An Australian Customs Service spokesperson told SDW that the system will begin operating in one of either Sydney, Melbourne or Brisbane airports. (A formal announcement is expected within a week.)
The SmartGate Series 1 system is designed to match a live facial image of the traveller against the digitised photo stored on the chip embedded within their ePassport. SmartGate will be introduced for Inwards Border Processing first. It is planned that Outwards Border Processing will also be automated in the future but this work has not yet been scheduled.
The facial recognition system has previously been tested in Sydney and Melbourne using Qantas crew and various Qantas frequent flyers as trial candidates, matching their images against a photo database.
Until SmartGate Series 1 is rolled out in early 2007, the SmartGates used during the SmartGate trial will remain in place and will be used to provide an Interim Solution for automated processing. Two are located at Sydney International Airport and two at Melbourne International Airport. One SmartGate in each location will be upgraded to read the Australian ePassport. The others will continue to be available for use by currently enrolled SmartGate users.
SAGEM Australasia is the systems integrator on the project. Facial recognition technology supplied by Cognitec Systems has been embedded within the system. The project has been allotted A$67.1 million system over the next four years.

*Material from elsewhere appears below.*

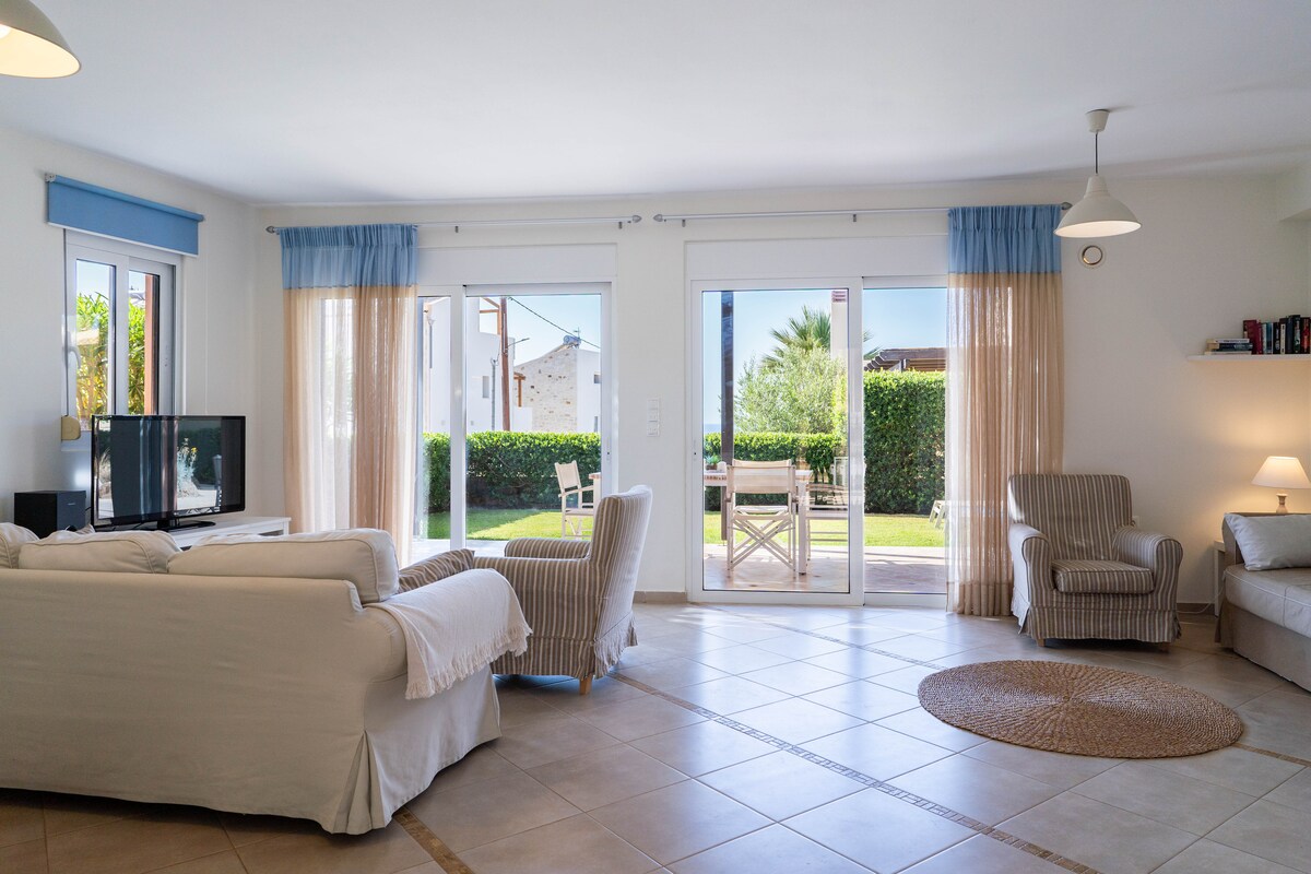 y un lugar dominado por el cielo azul, la gran línea costera y el paisaje tradicional de cretán, surge la lujosa Villa Blanca. ¡Esta villa de 170 metros cuadrados con capacidad para 8 personas está a solo 100 metros de la playa y tiene vistas al mar! Es la opción ideal para aquellos que quieren explorar Creta de una manera lujosa o para los perezosos que simplemente se relajarían, disfrutarían del mar o de la piscina privada y el sol, sin pasar absolutamente nada.

Customs chief executive Michael Carmody recently told a Senate estimates hearing that the system will be deployed in the first airport in February 2007, with the other two major airports also receiving the system in 2007. “We will progressively roll it out from there,” Carmody said. The roll out will depend in part on the percentage of ePassport holders passing through a particular airport.
During questioning it emerged that a communications campaign will be needed to ensure people understand how they should interact with the system. Carmody has used the system and said: “I was smiling. I had my glasses on and I still got through. I think the equipment is proving itself to be valuable and effective, and certainly we will be monitoring it as we roll it out. But, if there are issues like that, that becomes part of how you communicate use. It says to people, ‘Make sure you look here and don’t poke a face,’ or something like that. We can work our way through those issues.”